João Lourenço referiu-se ao ranking da liberdade de imprensa deste ano, compilada pela organização Repórteres Sem Fronteiras, no qual Angola subiu 15 pontos em três anos, ocupando, actualmente, a posição 106.
“Também ao nível do Índice de Percepção da Corrupção da Transparência Internacional, segundo a edição de 2019 divulgada no passado mês de Janeiro, Angola subiu 19 pontos e melhorou a sua pontuação, saindo neste ranking da posição 165 para a 146”, acrescentou.
Reforma da Justiça e do Direito
No domínio judiciário, João Lourenço informou que prosseguem os trabalhos para a instalação do Tribunal da Relação de Luanda, após a recente inauguração dos Tribunais da Relação do Lubango e de Benguela, no quadro do novo mapa judicial de Angola.
No plano da reforma da Justiça e do Direito, continua a trabalhar-se na principal legislação de referência, nos domínios da organização judiciária, Direito Penal e Processual Penal, Direito Civil, Comercial, de Família e Processual Civil, Direito Administrativo e Direito dos Registos e do Notariado.

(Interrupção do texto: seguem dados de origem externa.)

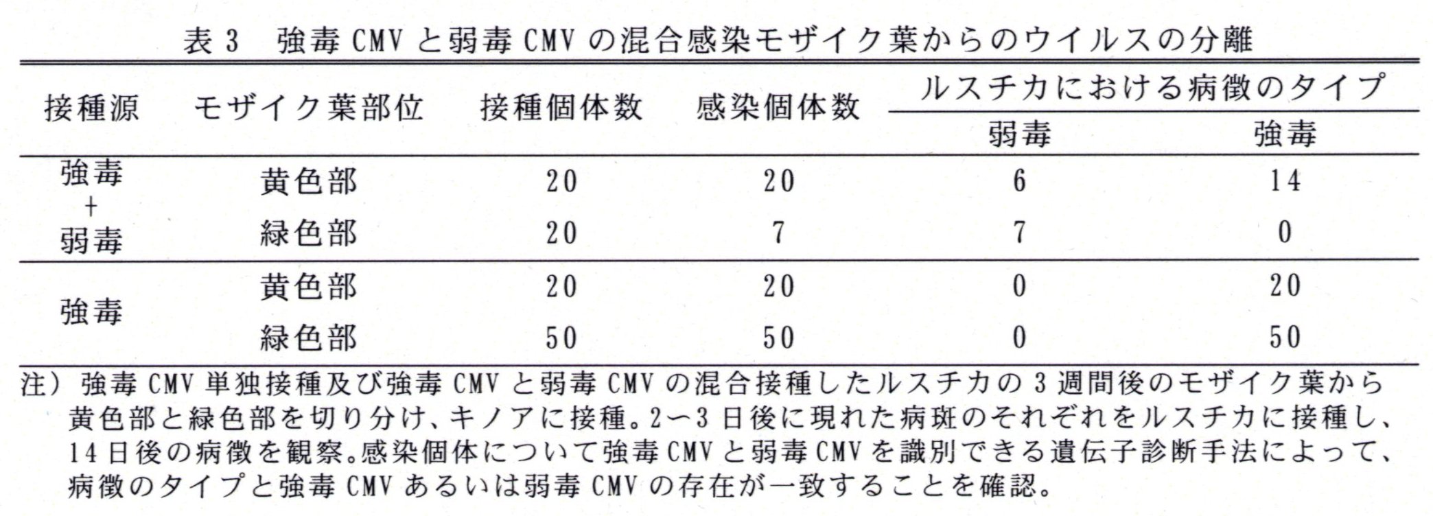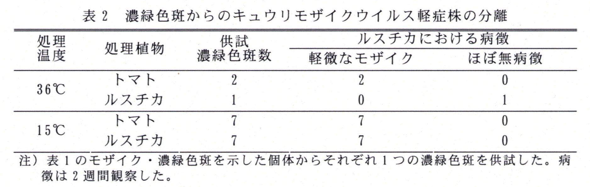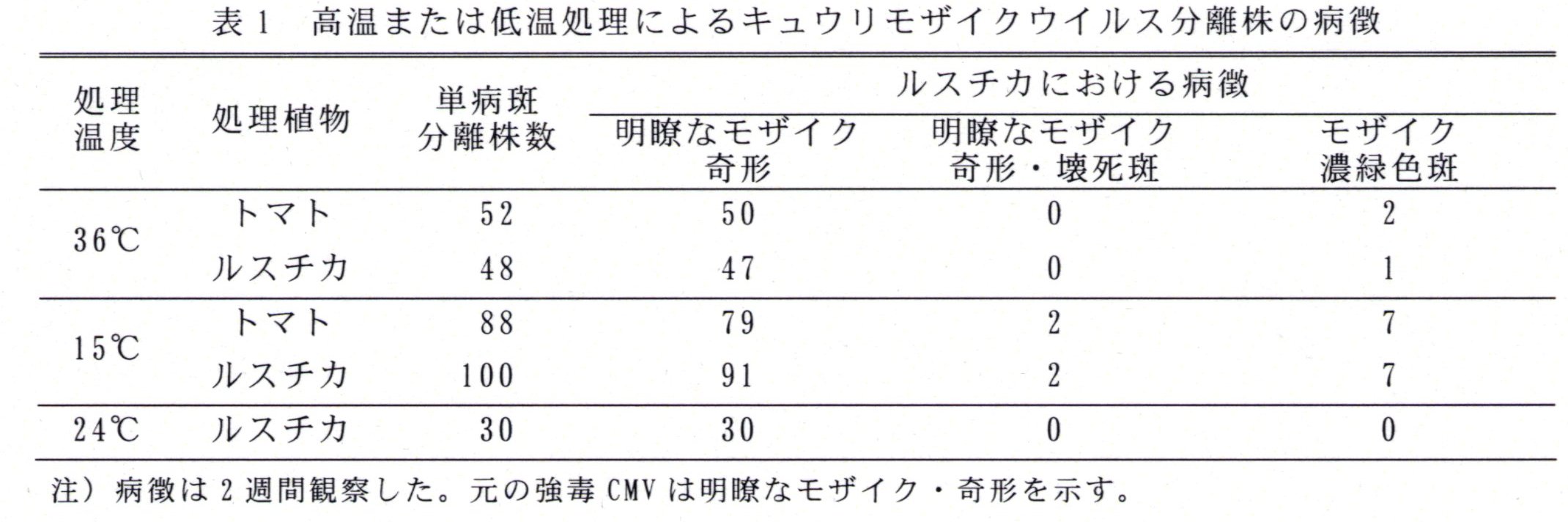 | [成果情報名] | 弱毒キュウリモザイクウイルスの効率的選抜法の開発 |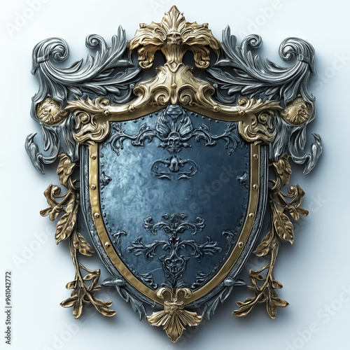 An ornate metallic shield badge with intricate designs, perfect for heraldic themes, decorations for medieval events, or awards ceremonies.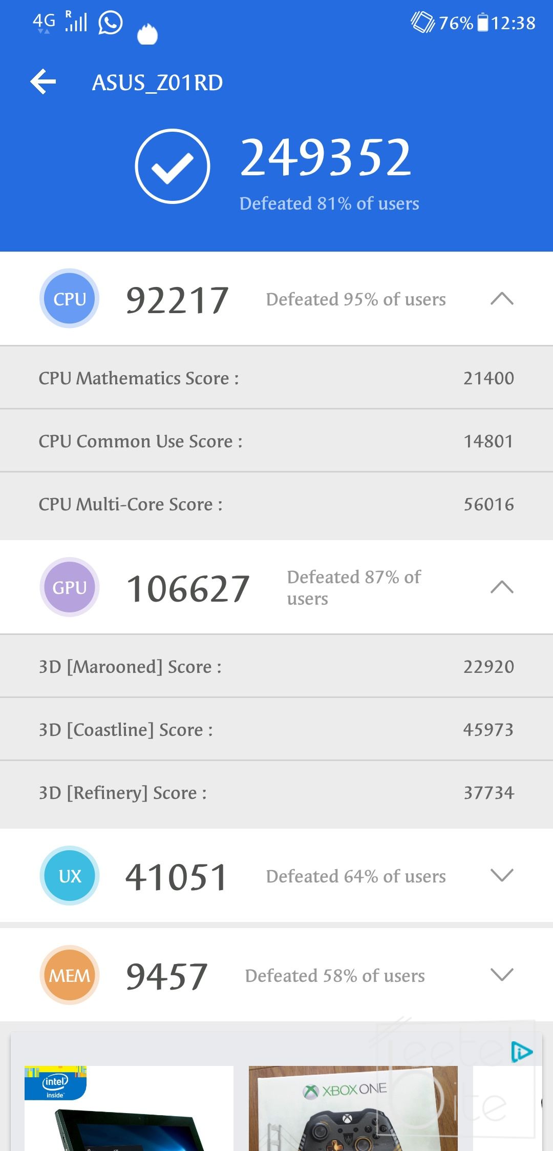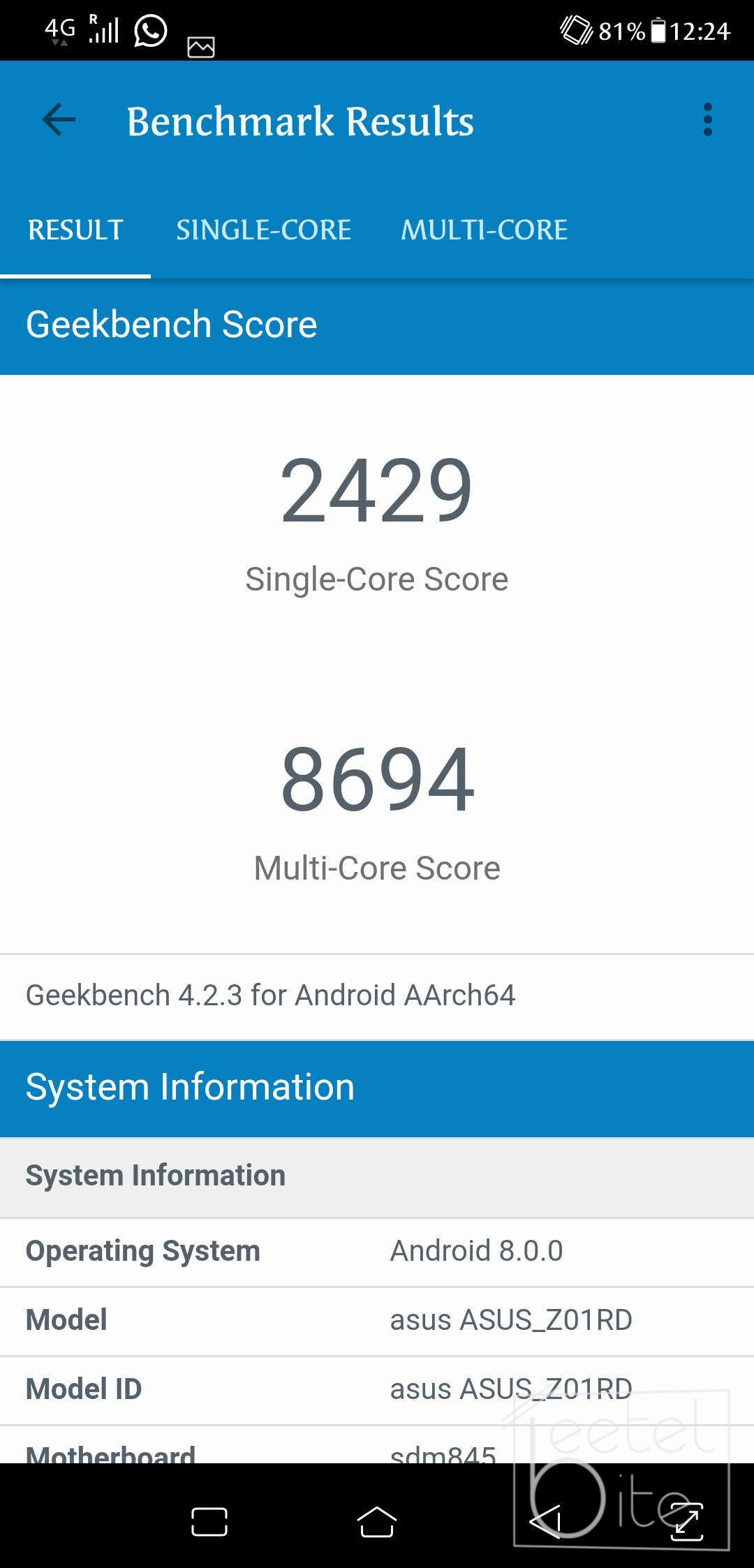 The Asus ZenFone 5Z managed to score 2429 on Geekbench's Single Core test while the Multi-Core test achieved a score of 8694. Antutu Benchmarks gave the ZenFone 5Z an impressive score of 249352.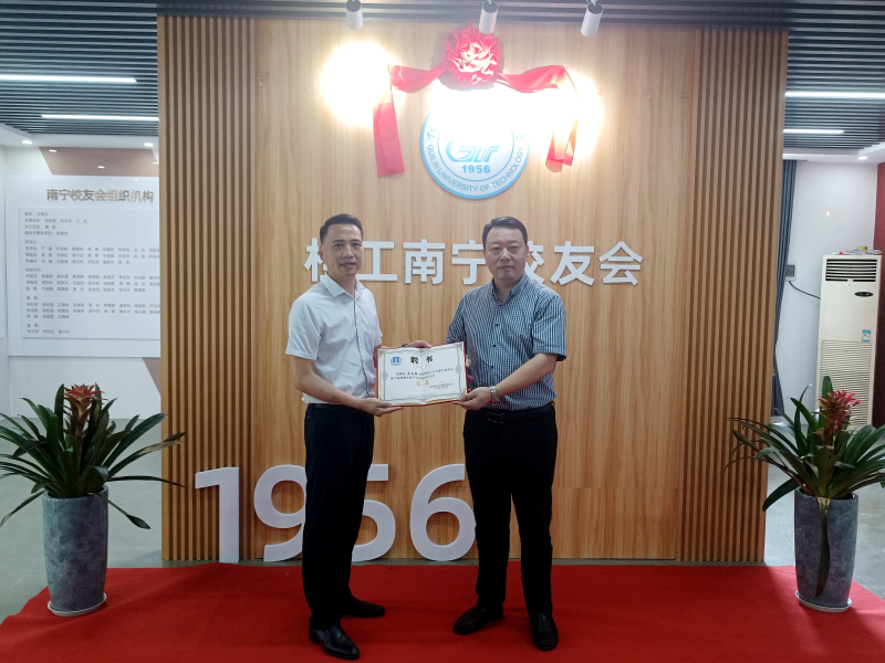 罗盛锋向南宁校友会英国上市公司365分会第一届会长,2004级市场营销和电子商务专业校友黄真强颁发了分会会长聘书。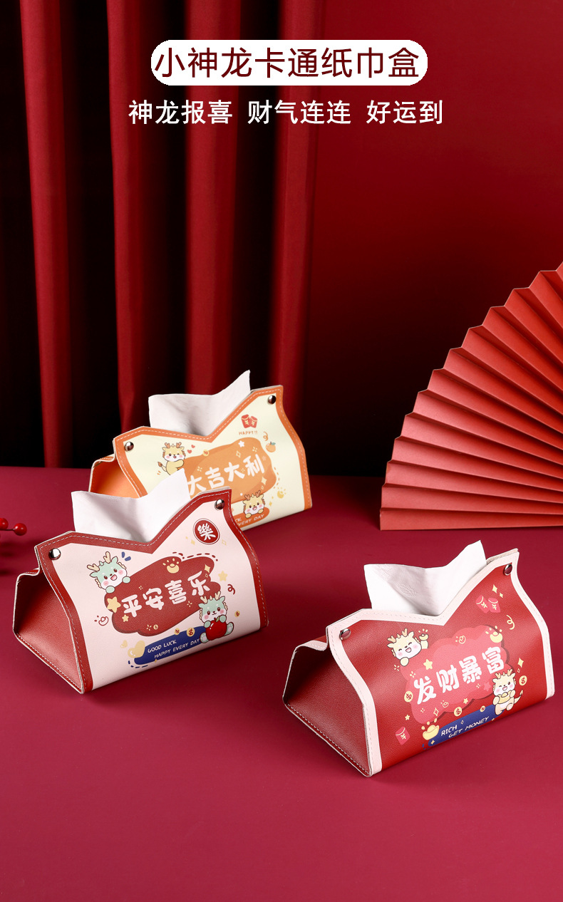 新年喜庆抽纸盒皮革纸巾袋单只装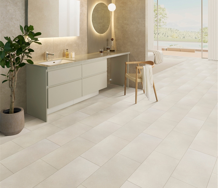 表面材には耐久性・防汚性・耐衝撃性に優れた高圧メラミン化粧板を採用し、さらに実部分には特殊な防水加工を施すことで、これまで敬遠されがちだったキッチンやサニタリー空間でも安心して使用できます。意匠面では、従来のオレフィンシートとは一線を画し、タイルのようにシャープで端正な質感を実現。水や汚れに強い高い機能性を備えながら、空間全体の完成度を高めるデザイン性を両立しました。床暖房にも対応しており、水回りはもちろん、デザイン性と耐久性が求められるさまざまな空間に対応可能です。機能と意匠の両面から、水回り空間の床材選びに新たな価値を提案します。
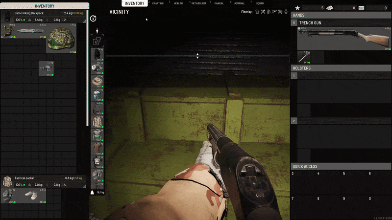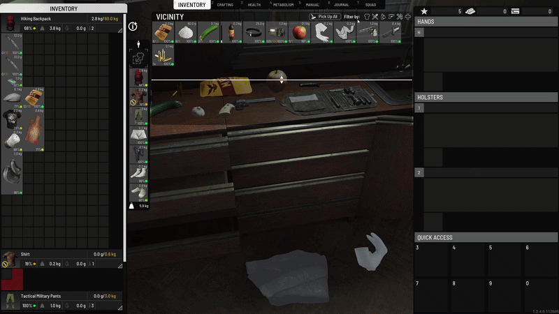 例如,你发现身边的地上散落着一堆不同的物品。看起来像是一个典型的陷阱,但你又饿又绝望,希望能找到一些食物。现在,你无需手动查看所有物品并逐一捡起,只需筛选出食物类物品,然后按下一个按钮就能将它们全部捡起。就是这么简单。只需两次鼠标点击,而不是数十次甚至更多。这样可以减少你在开阔地带暴露的时间,避免他人夺走你的物品。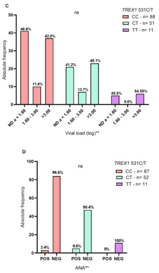 Comparison of levels of (A) IFN-α, (B) CD4+ T lymphocytes, (C) viral load and (D) ANA frequency according to genotypes for the TREX1 531C/T polymorphism. * Kruskal–Wallis test; ** G test, ns: not significant.

“Tendo sido já aprovadas, pela Assembleia Nacional, em breve serão promulgadas as leis que aprovam os novos Código Penal e Código do Processual Penal, dois importantes instrumentos de protecção dos direitos, liberdades e garantias fundamentais dos cidadãos”, sublinhou.
Outros diplomas, igualmente, importantes foram já aprovados. Entre eles, o Presidente referiu o novo Estatuto do Provedor de Justiça e o regime de organização e funcionamento da Provedoria de Justiça.
João Lourenço referiu-se, também, ao desafio que o Estado assumiu de garantir a todos os cidadãos nacionais o Registo de Nascimento e Bilhete de Identidade, a emitir tanto no país, como nas representações diplomáticas e consulares.
O programa, iniciado em 2019, pretende fazer o registo formal de nascimento de mais de nove milhões de pessoas e atribuir o B.I., pela primeira vez, a mais de seis milhões e 300 mil, disse.
No sector da Justiça e Direitos Humanos, afirmou, estão em curso outros projectos estruturantes, com elevado impacto social, económico e político, designadamente o de legalização e regularização do património habitacional do Estado e a implementação do registo predial em todo o país.
“Para a melhoria do ambiente de negócios, entraram em funcionamento vários serviços on-line. Foi, também, aprovada a Estratégia Nacional dos Direitos Humanos e criado o Prémio Nacional de Direitos Humanos, que visa distinguir, anualmente, personalidades e instituições que prestem um contributo de destaque na protecção, promoção e aprofundamento dos direitos humanos e da cidadania no país”, sublinhou.